There are at least 12% missing values in each variable, so there may be some rows that are completely missing. If you take another look at the data you will see that a lot of rows are all NA. Let’s get rid of them. First find the rows that are all NA. First we count the number of missing data in each row (mutate) then we remove the rows where every variable is missing (filter). Whenever I clean data, I like to preview what will happen before modifying the dataset.

jelly %>% rowwise() %>%
  mutate(n_na = sum(is.na(across()))) %>% 
  filter(n_na == ncol(jelly)) %>%
  head() %>% kable()

initials	group_choose_from_drop_down	trial_number	flavour	reaction_time_in_sec	accuracy_0_incorrect_1_correct	n_na
NA	NA	NA	NA	NA	NA	6
NA	NA	NA	NA	NA	NA	6
NA	NA	NA	NA	NA	NA	6
NA	NA	NA	NA	NA	NA	6
NA	NA	NA	NA	NA	NA	6
NA	NA	NA	NA	NA	NA	6

Now remove them:

jelly <- jelly %>% rowwise() %>%
  mutate(n_na = sum(is.na(across()))) %>% 
  ungroup() %>%
  filter(n_na < ncol(jelly)) %>%
  select(-n_na)

We still don’t know what most of thse variables mean, but already one thing should stand out. The variable accuracy_0_incorrect_1_correct presumably should only be 0 or 1, but has three different values. We may not care about the initials of the investigator, but we might be concerned about the fact that there are 88 missing values (about 50 more than the all blank rows we removed.)

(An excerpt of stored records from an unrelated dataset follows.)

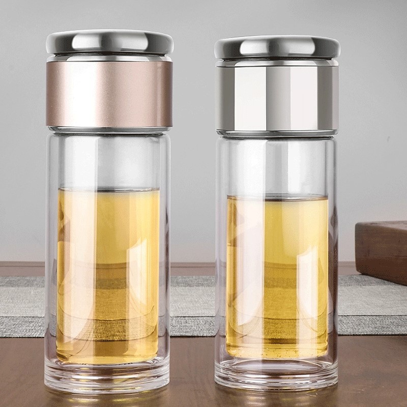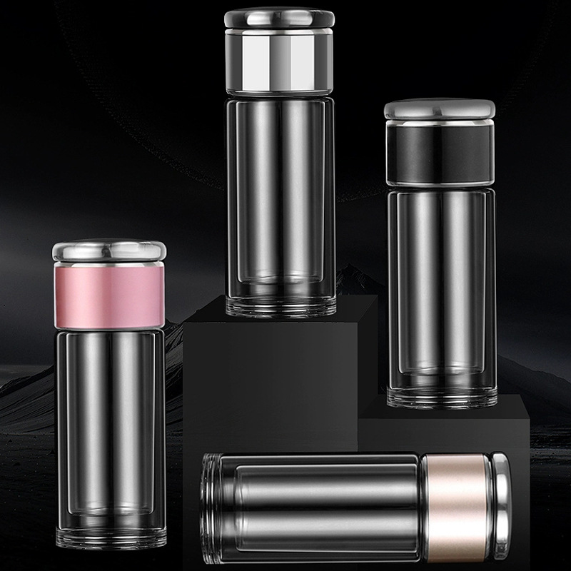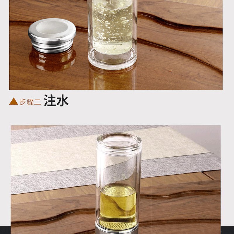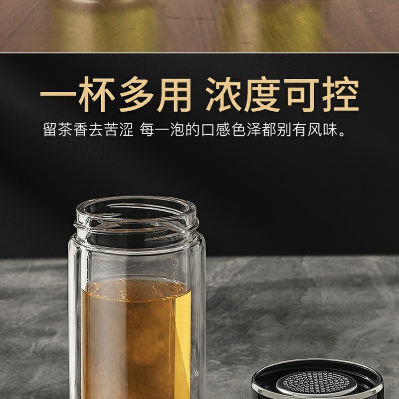 智能顯示雙層茶水分離玻璃杯
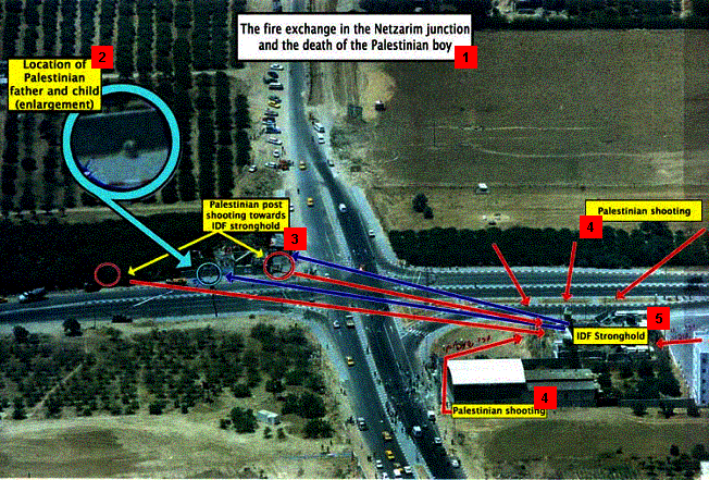 Der rote Kreis markiert die Position des Vaters mit seinem Sohn, die direkt neben einer Stellung palästinensischer Scharfschützen Deckung suchten. Nachdem palästinensische Polizisten von dieser Stellung aus und auch in der Umgebung davon Schüsse auf die israelische Stellung gegenüber abgegeben hatten, schossen israelische Soldaten dorthin zurück, wo die Schüsse hergekommen waren, und während dieses Schusswechsels wurde der Palästinenser-Junge anscheinend getötet.
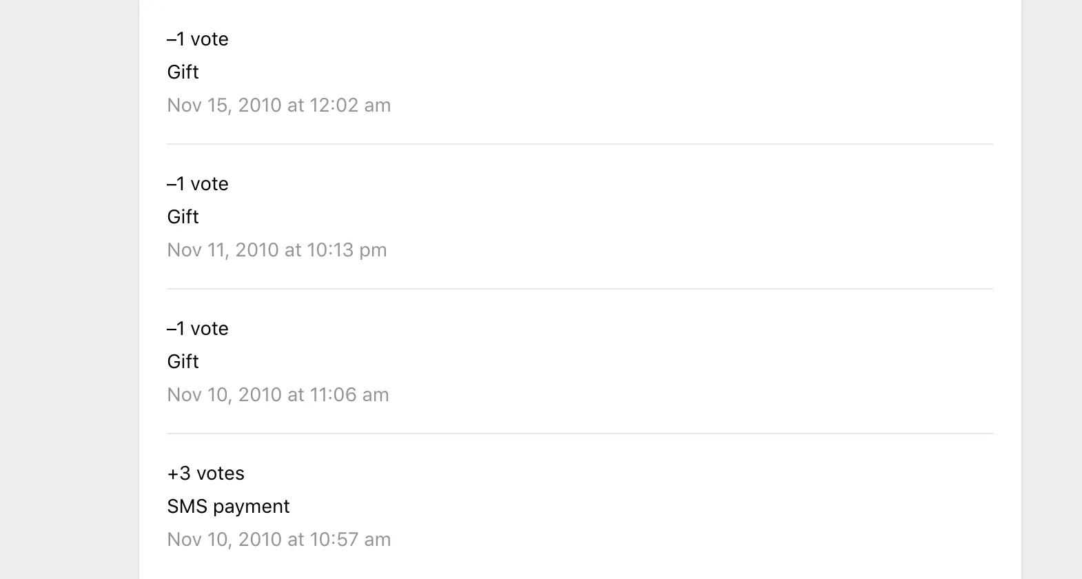Зато знает две мои банковские карты и помнит, что в 2010 году я (как дебил) потратил 3 голоса на покупку подарков «ВКонтакте».
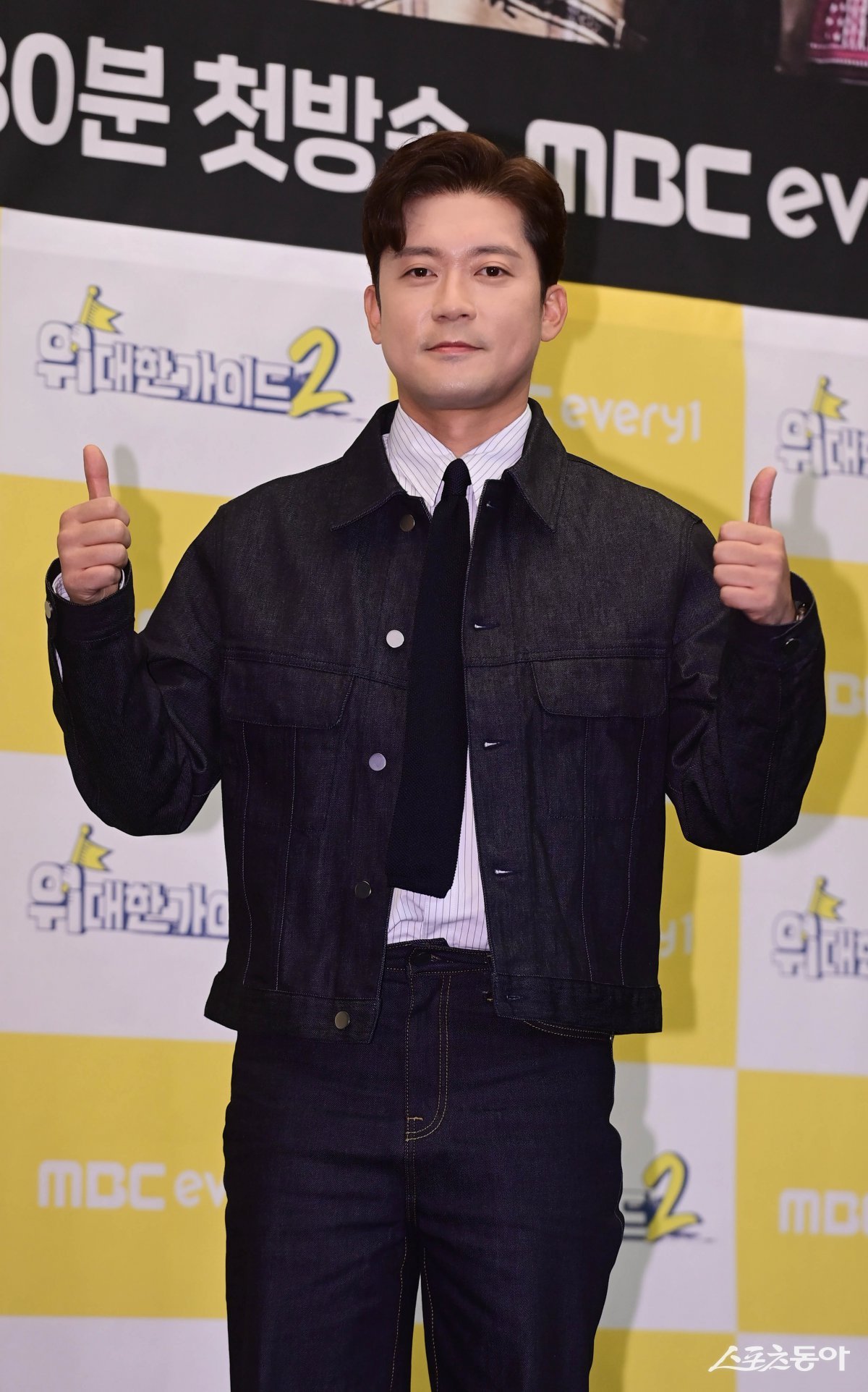 전 아나운서 김대호가 8일 서울 마포구 스탠포드호텔에서 열린 MBC에브리원 ‘위대한 가이드2’ 제작발표회에서 포즈를 취하고 있다. 주현희 기자 teth1147@donga.com
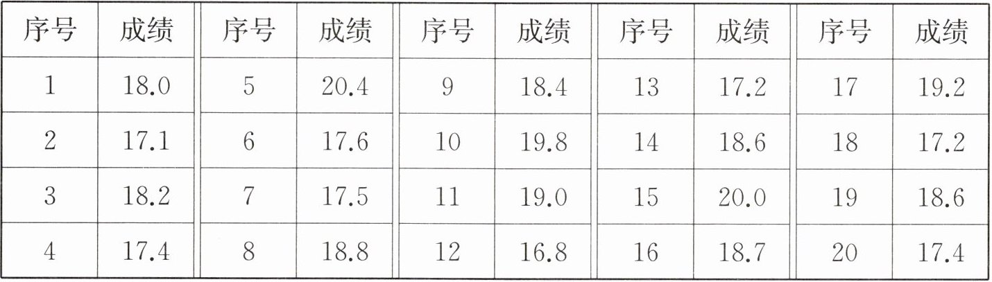(2)如果用的时间不多于17.6秒为优秀,17.7~18.8秒为良好,那么成绩达到优秀的有( )人,达到良好的有( )人。
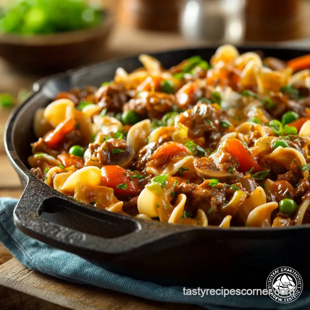 Absolutely. Ground turkey, ground pork, or Italian sausage (casing removed) are delicious alternatives that maintain the savory base. For a vegetarian option, substitute the ground beef with an equal weight of high-quality plant based crumbles, ensuring you use vegetable broth instead of beef broth for the sauce base.
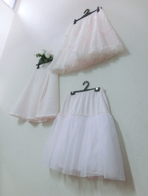 この子たちは、どちらも、大人の女性のロマンティック・コーディネートを叶える美しく高級感のある日本製チュール・スカート♪

25.4 Data quality assurance

You can get report on your data using the pointblank package. (See the documentation linked in further reading for examples.) Let’s test a few things:

are any values of the accuracy variable not 0 or 1?
is reaction time and trial_number numeric? (We know the answer already, but I’ll show how to test this condition.)
are there any negative reaction times?
are all the rows distinct? (It’s unlikely, but not impossible to get the same result twice.)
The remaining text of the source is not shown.